#ubuntu-accessibility 2011-06-27
<Fudge> AlanBell  is tha ton oneiric?
<leagris> hello
<w0jrl> hello
<w0jrl> Is anyone having an issue with Empathy where it doesn't show the contact list in an IRC chat? If so, how can I fix it?
<w0jrl> in some rooms it works, and in others it doesn't.
<w0jrl> it's wierd.
<AlanBell> Fudge: it will be in oneiric, and there is a request to get it into Natty as a stable release update
<Fudge> what will be AlanBell  i missed the first half of the converstaion but it sounded interesting
<AlanBell> the update to onboard, the virtual keyboard
<AlanBell> if you add https://launchpad.net/~frafu/+archive/ppa and update then onboard should be upgraded to get the new theme
<AlanBell> http://www.theopensourcerer.com/2011/04/21/ubuntu-natty-in-virtualbox-with-unity/
<AlanBell> so it should get the more ubuntuish colours and font and rounded corners on the keycaps
<w0jrl> Does anyone know how to start KAccessible?
<Fudge> ah right AlanBell  tks
<charlie-tca> Now trying a vertical mouse, Evoluent Vertical Mouse 3, right hand, USB only
<charlie-tca> phillw: question?
<charlie-tca> Any chance you could help cjohnston with making status website work without removing minimum font settings?
<phillw> charlie-tca: I'd be happy to assist
<charlie-tca> Can you join #ubuntu-community-team?
<TheMuso> I played with a recent revision of Unity 2D today with preliminary accessible support.
<fregl> TheMuso: I'd like to hear your opinion on it
<TheMuso> fregl: Right, I've already emailed you my preliminary findings, will play more tomorrow.
<TheMuso> Re unity 2d.
<fregl> ah, thanks
<TheMuso> np
<TheMuso> Someone suggested I try using skype.
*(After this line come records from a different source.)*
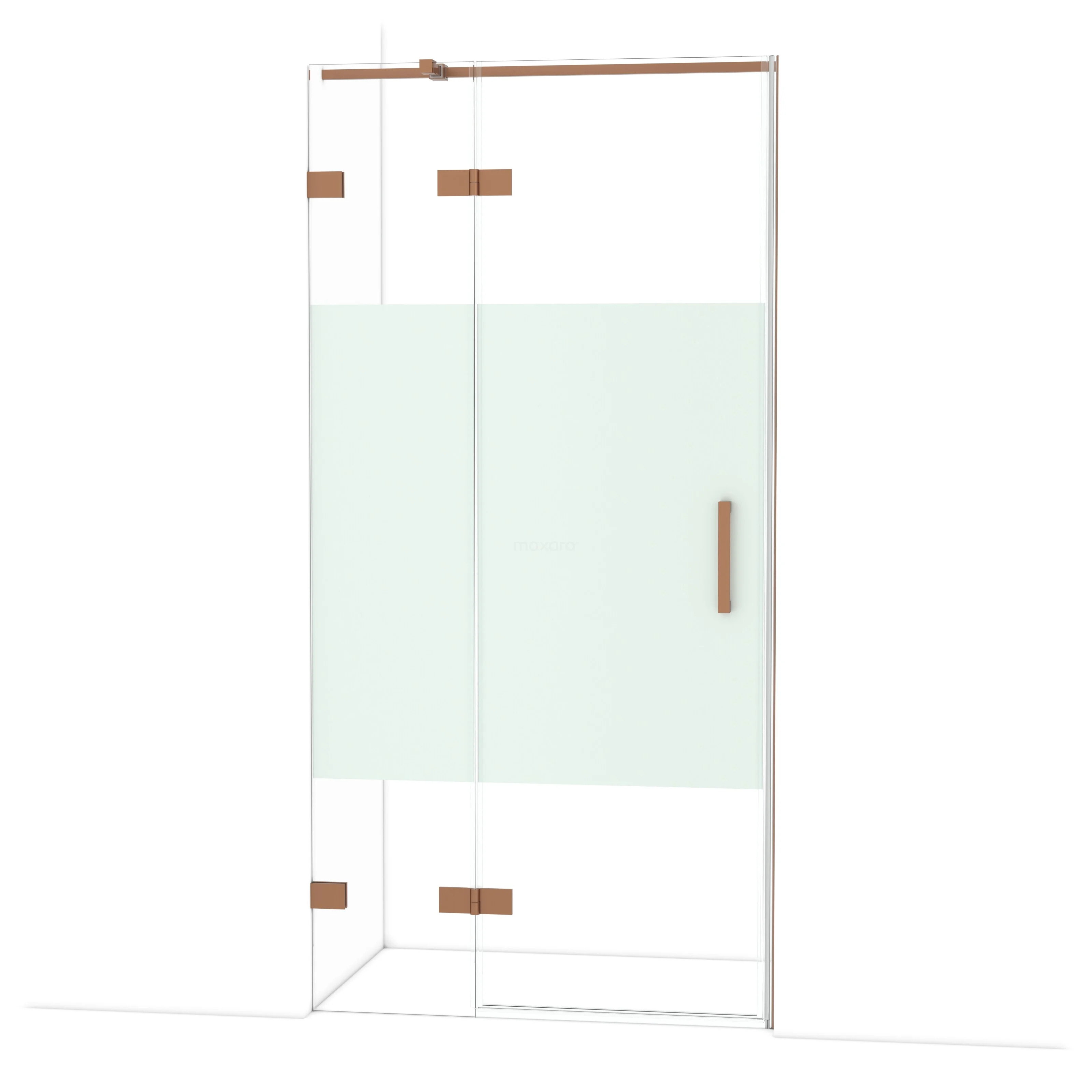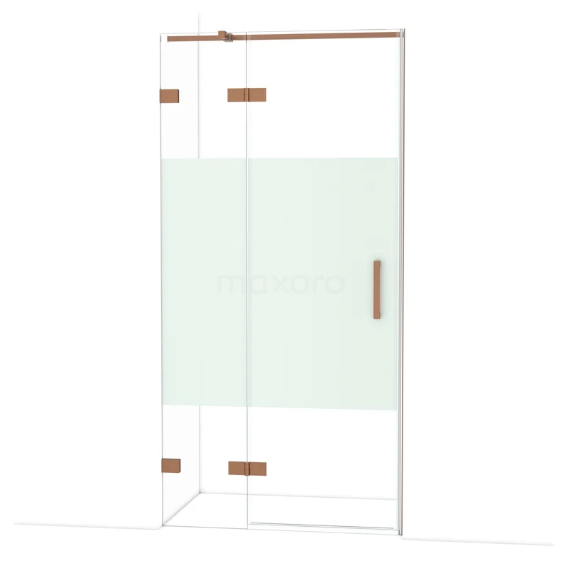Die Drehtür Diamond 100 cm ist ideal für den Abschluss Ihres Duschbereichs. Sie ist in Kupfer ausgeführt und verfügt über hochwertige Scharniere, eine Zwei-Punkt-Befestigung und einen vertikalen Griff. Das Klarglas mit mattem Streifen sorgt für Privatsphäre. Durch die Verstellbarkeit lässt sich die Duschtür leicht montieren. Die Gesamtbreite ist von 99,7 bis 100 cm verstellbar.
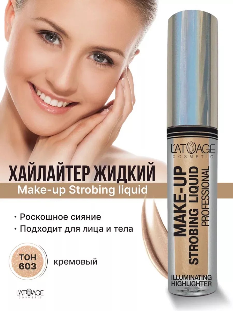 Make-up Strobing Liquid Face Highlighter is a cosmetic product that will help you create a unique makeup look and attract admiring glances with its sparkle. The creamy texture is ideal for application to eyelids and eyes to add mystery and allure. It will perfectly highlight your natural beauty, giving you a fresh and radiant look.
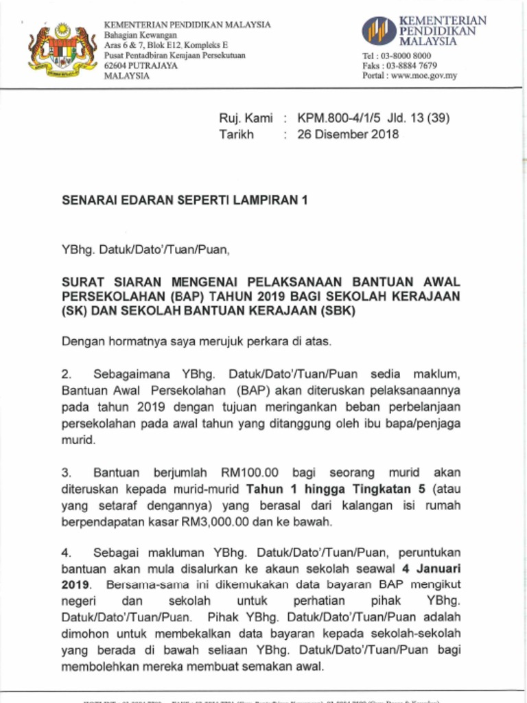 Surat Siaran Bap 2019 Sk Sbk Pdf. Bantuan Am Persekolahan Sekolah Rendah RM100 setahun Sekolah Menengah RM150 setahun. Menteri Kewangan Datuk Seri Tengku Zafrul Tengku Abdul Aziz berkata sejumlah RM450 juta diperuntukkan yang dijangka memanfaatkan 3 juta murid-murid yang layak.
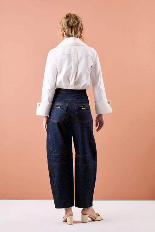 Estos jeans de tiro alto presentan una silueta de pernera acampanada con bolsillos de parche extragrandes y costuras en contraste para un look estructurado. La espalda luce herrajes dorados y costuras detalladas que le dan mayor dimensión. Confeccionados en denim oscuro, combinan un estilo casual con un estilo sofisticado.
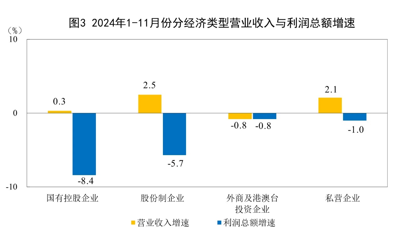1—11月份,規模以上工業企業中,國有控股企業實現利潤總額20387.7億元,同比下降8.4%;股份制企業實現利潤總額50143.0億元,下降5.7%;外商及港澳臺投資企業實現利潤總額16062.9億元,下降0.8%;私營企業實現利潤總額19649.1億元,下降1.0%
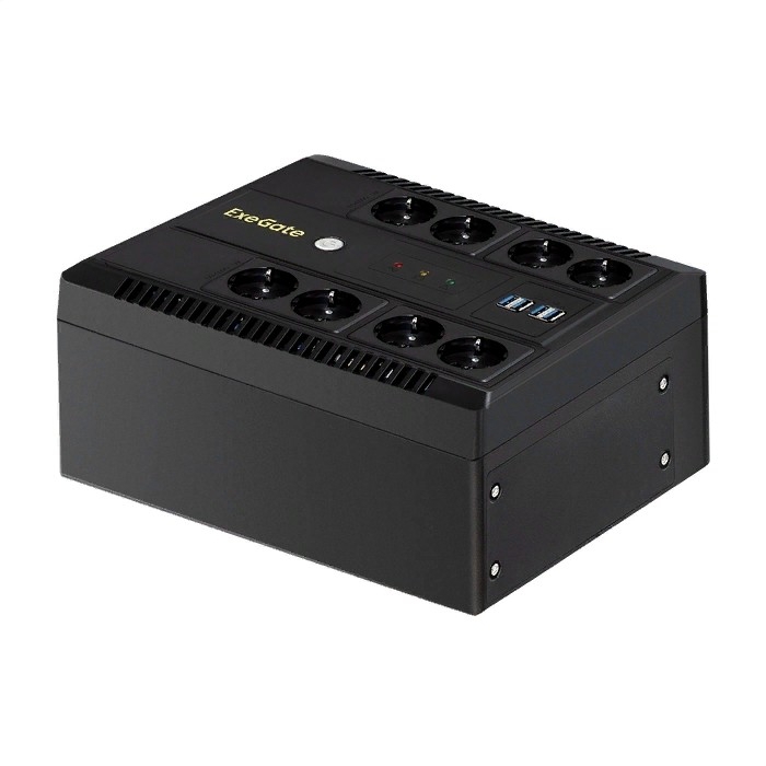 958266 Exegate EX295011RUS ИБП ExeGate NEO NNB-650.LED.AVR.8SH.CH <650VA/390W, LED, AVR, 8*Schuko, 4*USB-порта для зарядки, Black>
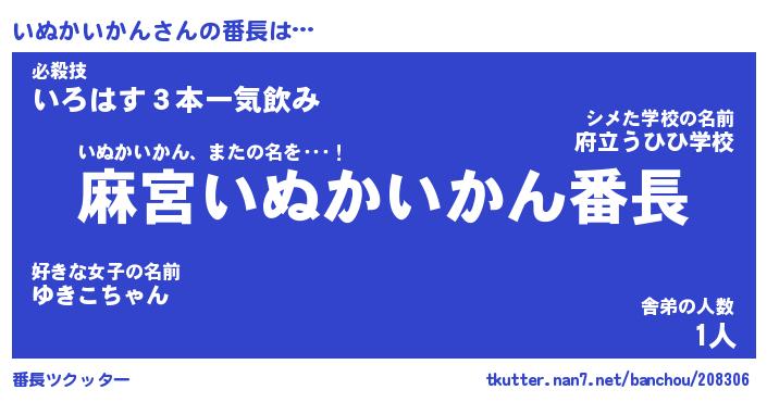 | ヘコむあだ名 | 『いぬもー』『つくし』『いぬ太郎』 |
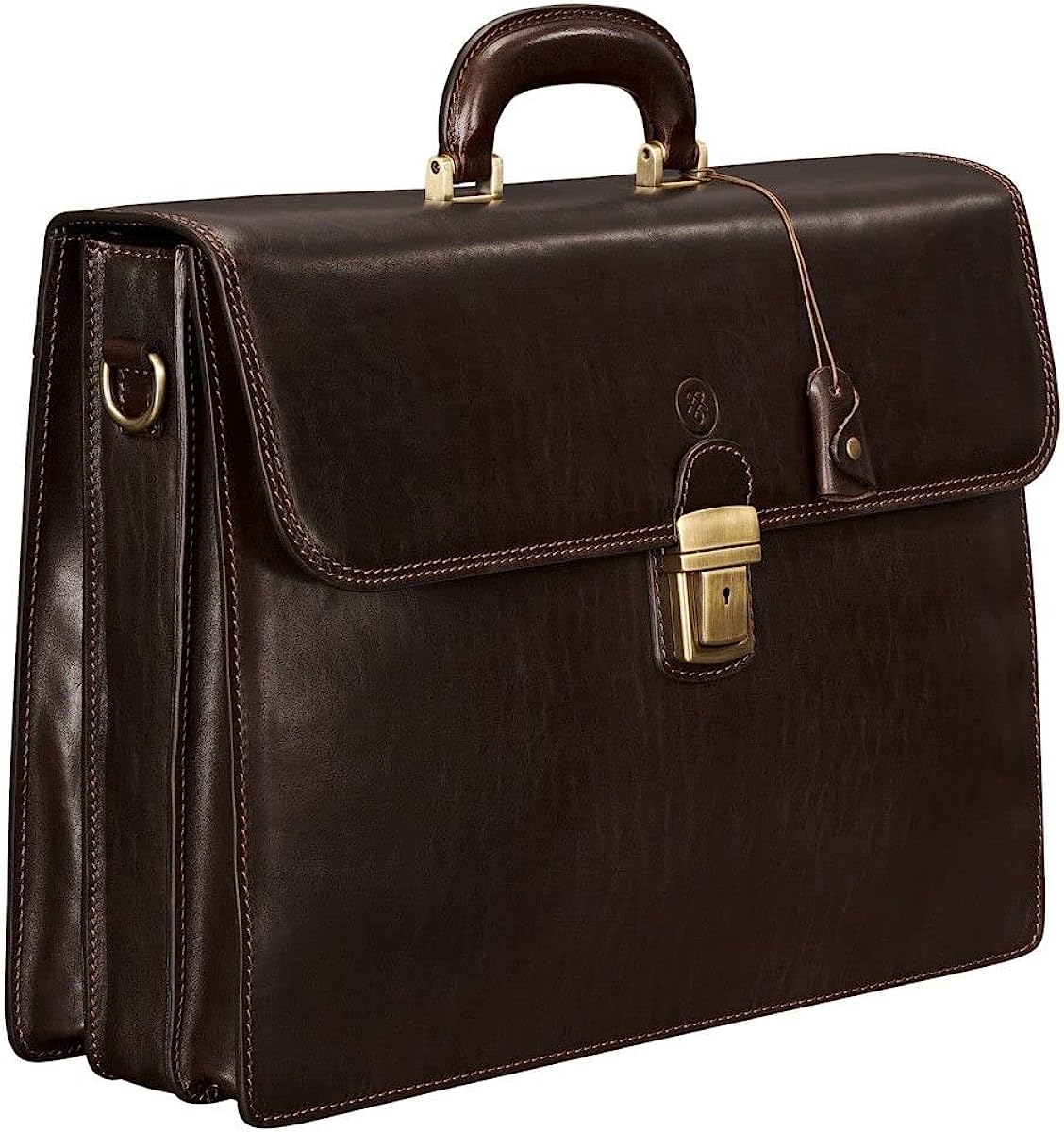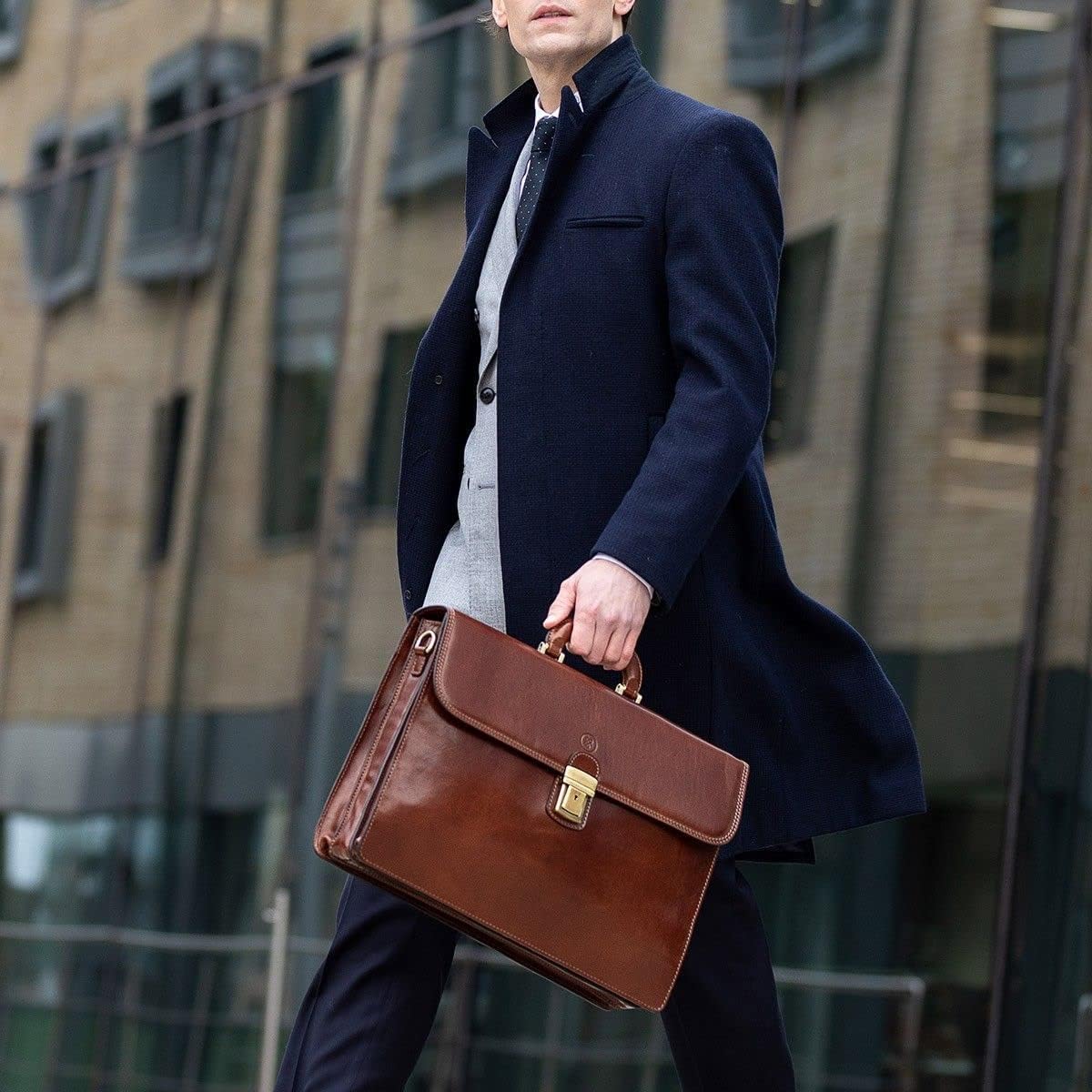 Maxwell Scott | Mens Luxury Leather 17" Laptop 3 Section Briefcase | The Paolo Large | Business Travel Bag

Will probably do that tomorrow.,
<fregl> TheMuso: for keyboard stuff you need to kick your own guys ;)
<TheMuso> fregl: Yup, that shouldn't be a problem.
<fregl> vlc seems pretty crappy and qgit needs tables to work
<fregl> I'm slowly testing more apps now
<TheMuso> Right.
<fregl> at some point it would be good to go through some inventory or set an app as target regularily
<fregl> most would require upstream collaboration
<fregl> for kde it's easy, I can simply commit there
<TheMuso> yUP.
<TheMuso> gah capslock
<TheMuso> My first and primary concern atm is unity 2D.
<fregl> sure
<TheMuso> So will be working with the devs on that one,.
<fregl> for me it's the big picture of course. but unity is great as test case for qml
<TheMuso> yUP.
<TheMuso> Grrr.
<TheMuso> Anyway, gotta get to bed. I am still slightly tired from my trip here over the weekend.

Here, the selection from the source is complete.